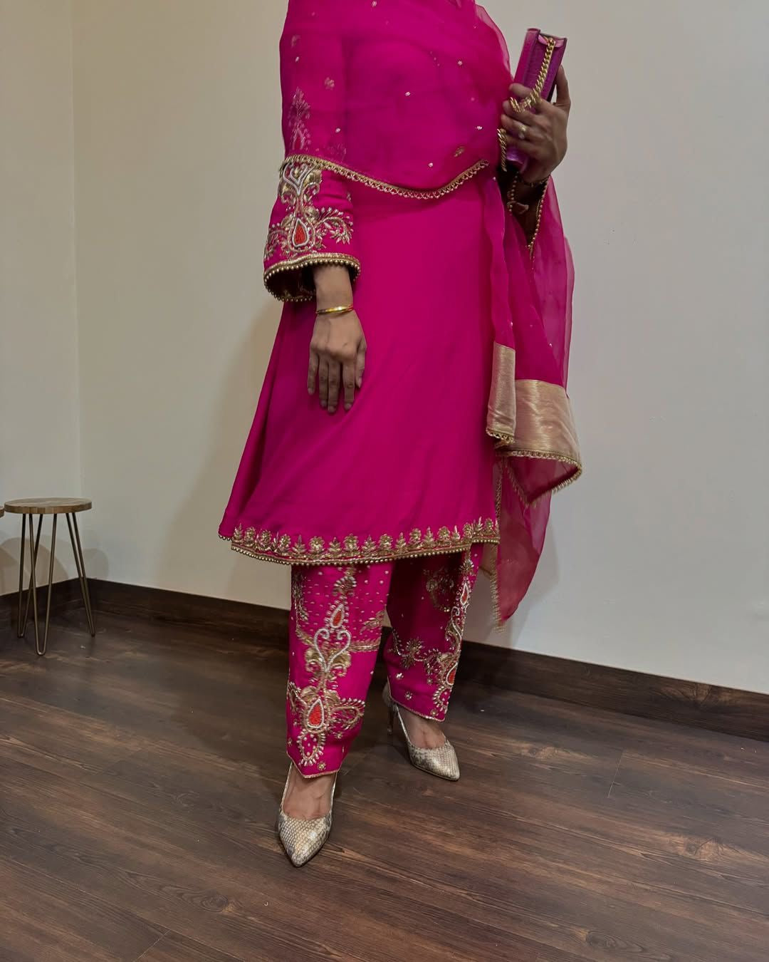 - Work: Embroidery sequence work with fancy lace border and pearl handwork
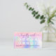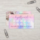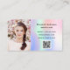 Un fondo holográfico de moda con colores unicornio y colores arcoiris en rosa, violeta, verde menta. Decorado con goteo. Al frente: Añade un descuento. Atrás: Personaliza y agrega tu foto, nombre, título, número de teléfono, correo, dirección del sitio web, código qr a tu sitio web. Letras moradas.
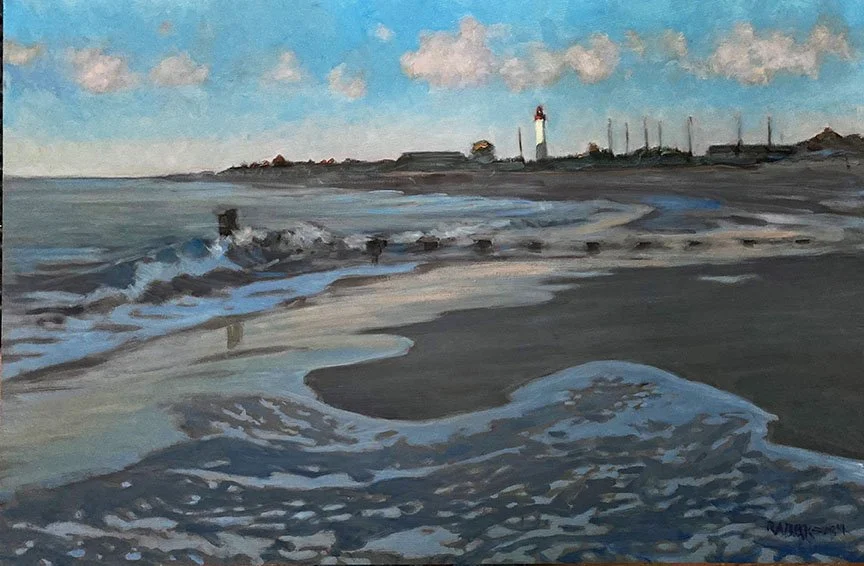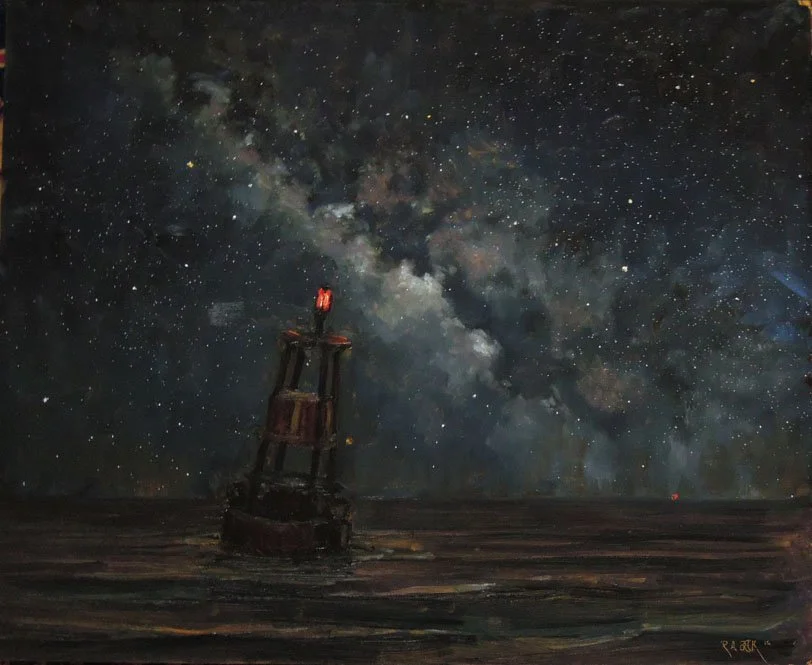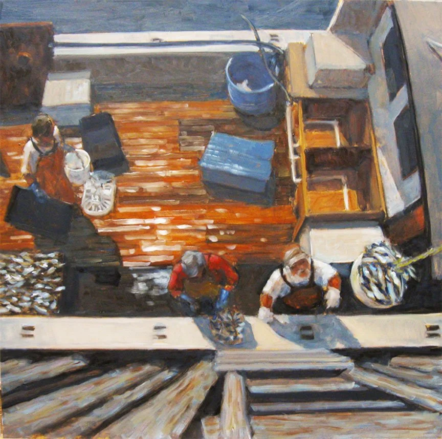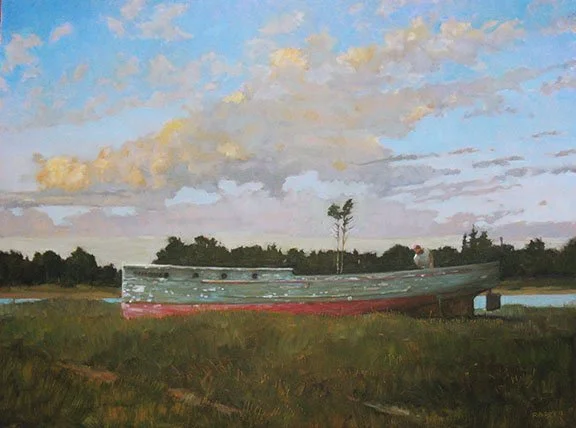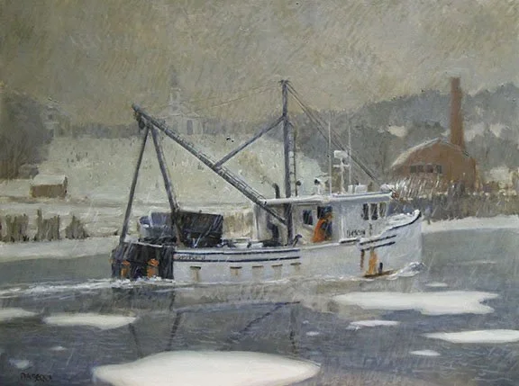 When the rumble of diesel engines would wake me at four in the morning, I’d prop myself up and look out the window to watch the running lights crawl across the harbor. At times, I could hear the lobstermen’s voices and the muffled creaks and thumps of them rowing to their boat moorings and stowing the oars. The time I spend on the coast of Maine, and the people I meet, are close to my heart. This gallery is a portfolio of both studio and plein-air paintings.
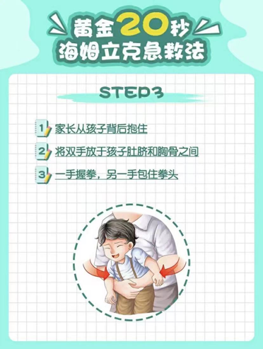 施救者站在患者身后,儿童身高较矮者,施救者可跪在其身后,然后施救者一条腿在前,插入患者两腿之间呈弓步,另一条腿在后伸直,双臂环抱患者腰部,使其上身前倾。手法与成人相似。
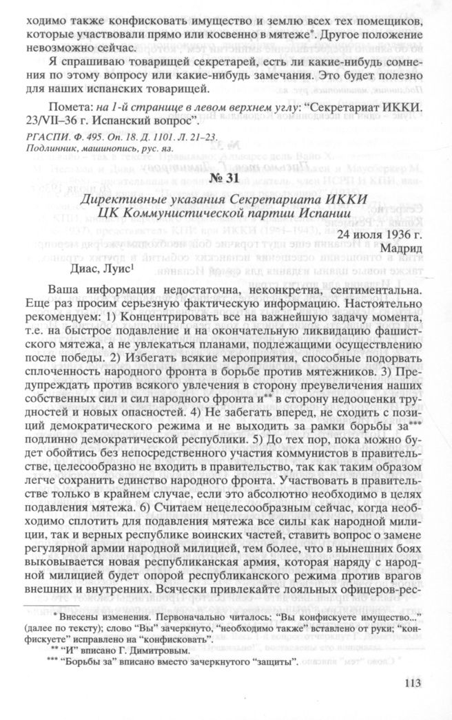 Директивные указания Секретариата ИККИ ЦК Коммунистической партии Испании. 24 июля 1936 г. Мадрид // РГАСПИ. Ф. 495. Оп. 74. Д. 201. Л. 3. Подлинник, машинопись, рус. яз.
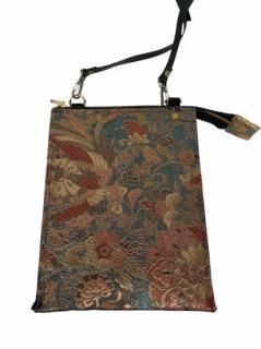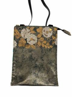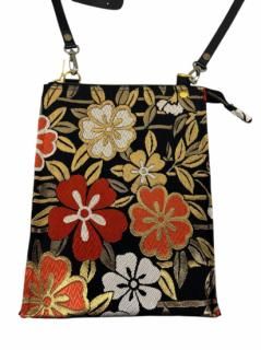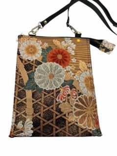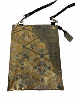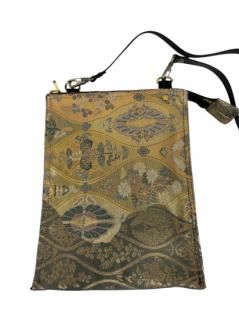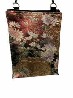 帯シルク100%素材の帯柄バック。紐は本革で長さ調節可能。着物好きに最適、男女問わず使いやすい。デザインと機能性の融合。
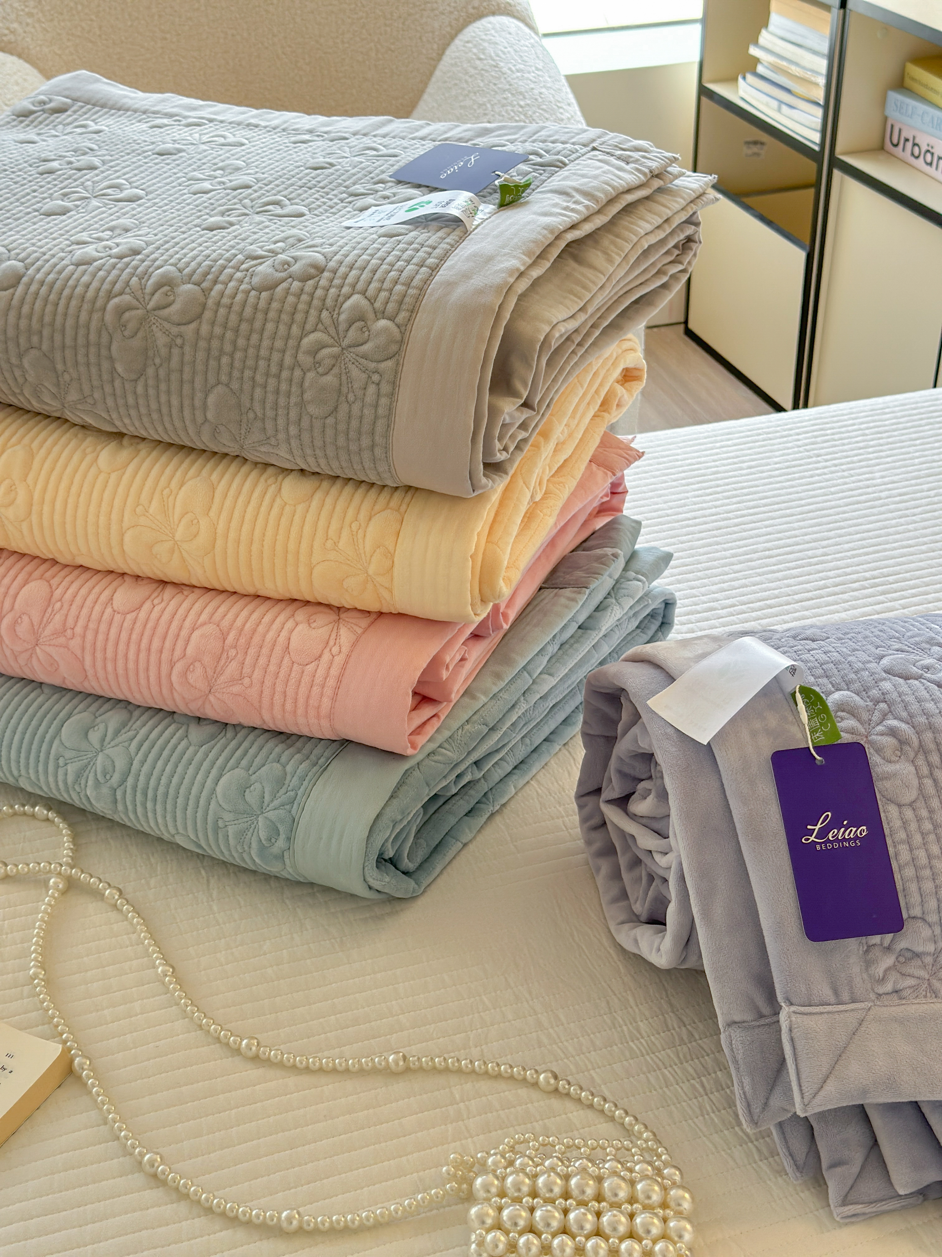 琳可家居 2025新款蝴蝶系列棉加绒床盖 组合
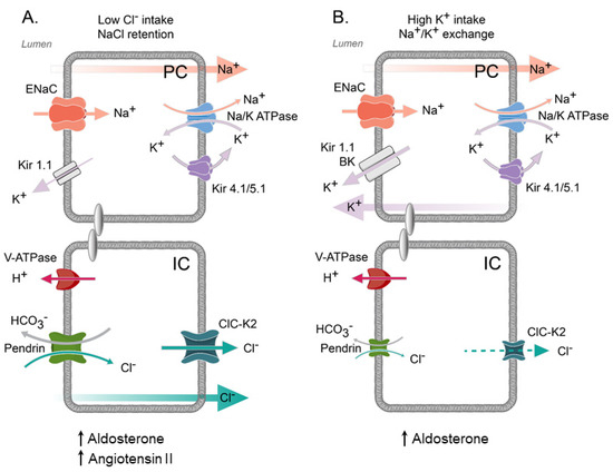 - Tomilin, V.N.; Zaika, O.; Subramanya, A.R.; Pochynyuk, O. Dietary K+ and Cl− independently regulate basolateral conductance in principal and intercalated cells of the collecting duct. Pflügers Arch. Eur. J. Physiol. 2017, 470, 339–353. [Google Scholar] [CrossRef]
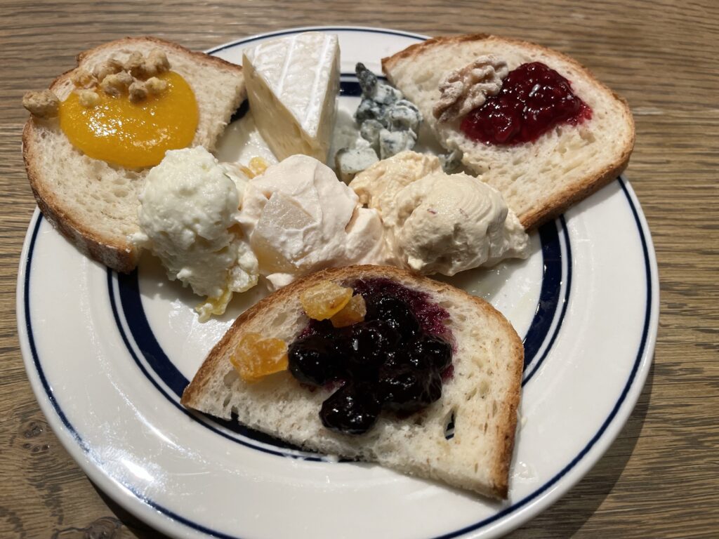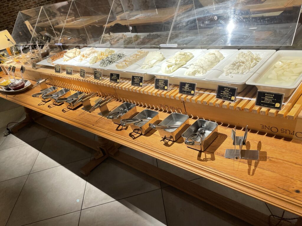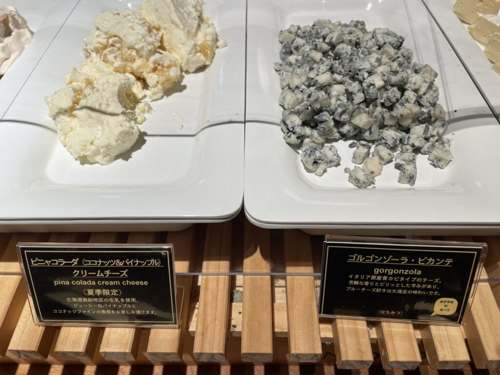 食べ放題のチーズは10種類くらいあるので、料理が来る前に全種類を食べ比べして自分好みのチーズを探します。
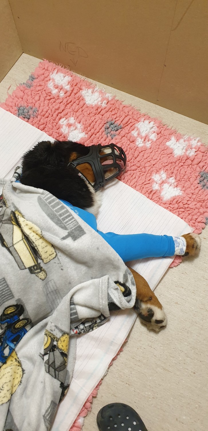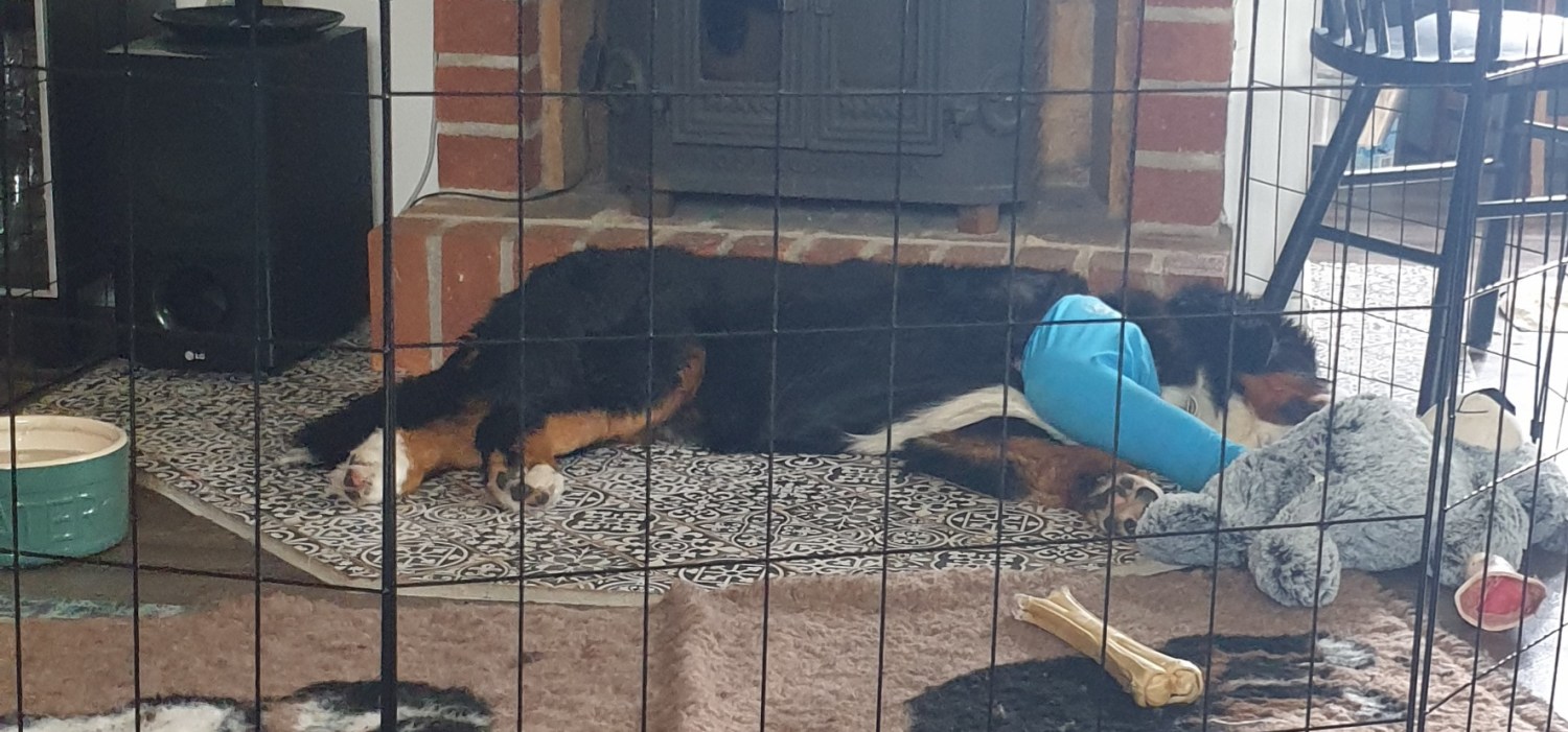 Sen sköt stresshormonerna upp i taket när jag kom tillbaka till kliniken och hon låg där med bandage över hela benet och jag fick till mig att de kapat benet. Nu, när jag googlat sönder ordet ulna osteotomi och satt mej in i proceduren, vet jag att det inte är så dramatiskt som det låter, båda rörbenen är ju inte avkapade och det som fortfarande är intakt tar ca 80 % av tyngden. Men det ska naturligtvis tas på största allvar under rehabiliteringstiden att det betraktas som ett benbrott.
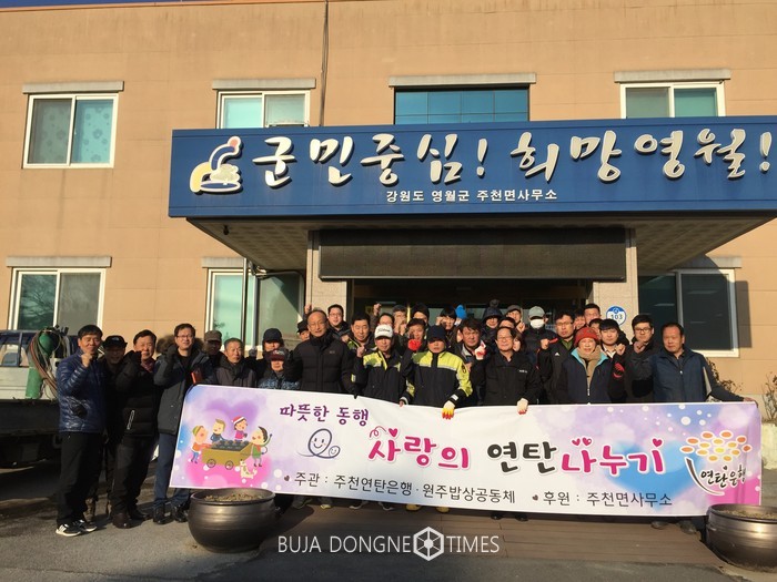 [부자동네타임즈 김민석기자]주천면 연탄은행(대표 정종옥)은 13일 주천면사무소 마당에 혹한기 주천지역 ‘사랑의 연탄나누기 행사’를 갖고 어려운 이웃에 연탄을 배달하였다.

(Aim of the task):
The entries are to be written out in full and exactly, apart from the pictures.

(Task response):
 - Work: Embroidery sequence work with fancy lace border and pearl handwork
 Un fondo holográfico de moda con colores unicornio y colores arcoiris en rosa, violeta, verde menta. Decorado con goteo. Al frente: Añade un descuento. Atrás: Personaliza y agrega tu foto, nombre, título, número de teléfono, correo, dirección del sitio web, código qr a tu sitio web. Letras moradas.
 When the rumble of diesel engines would wake me at four in the morning, I’d prop myself up and look out the window to watch the running lights crawl across the harbor. At times, I could hear the lobstermen’s voices and the muffled creaks and thumps of them rowing to their boat moorings and stowing the oars. The time I spend on the coast of Maine, and the people I meet, are close to my heart. This gallery is a portfolio of both studio and plein-air paintings.
 施救者站在患者身后,儿童身高较矮者,施救者可跪在其身后,然后施救者一条腿在前,插入患者两腿之间呈弓步,另一条腿在后伸直,双臂环抱患者腰部,使其上身前倾。手法与成人相似。
 Директивные указания Секретариата ИККИ ЦК Коммунистической партии Испании. 24 июля 1936 г. Мадрид // РГАСПИ. Ф. 495. Оп. 74. Д. 201. Л. 3. Подлинник, машинопись, рус. яз.
 帯シルク100%素材の帯柄バック。紐は本革で長さ調節可能。着物好きに最適、男女問わず使いやすい。デザインと機能性の融合。
 琳可家居 2025新款蝴蝶系列棉加绒床盖 组合
 - Tomilin, V.N.; Zaika, O.; Subramanya, A.R.; Pochynyuk, O. Dietary K+ and Cl− independently regulate basolateral conductance in principal and intercalated cells of the collecting duct. Pflügers Arch. Eur. J. Physiol. 2017, 470, 339–353. [Google Scholar] [CrossRef]
 食べ放題のチーズは10種類くらいあるので、料理が来る前に全種類を食べ比べして自分好みのチーズを探します。
 Sen sköt stresshormonerna upp i taket när jag kom tillbaka till kliniken och hon låg där med bandage över hela benet och jag fick till mig att de kapat benet. Nu, när jag googlat sönder ordet ulna osteotomi och satt mej in i proceduren, vet jag att det inte är så dramatiskt som det låter, båda rörbenen är ju inte avkapade och det som fortfarande är intakt tar ca 80 % av tyngden. Men det ska naturligtvis tas på största allvar under rehabiliteringstiden att det betraktas som ett benbrott.
 [부자동네타임즈 김민석기자]주천면 연탄은행(대표 정종옥)은 13일 주천면사무소 마당에 혹한기 주천지역 ‘사랑의 연탄나누기 행사’를 갖고 어려운 이웃에 연탄을 배달하였다.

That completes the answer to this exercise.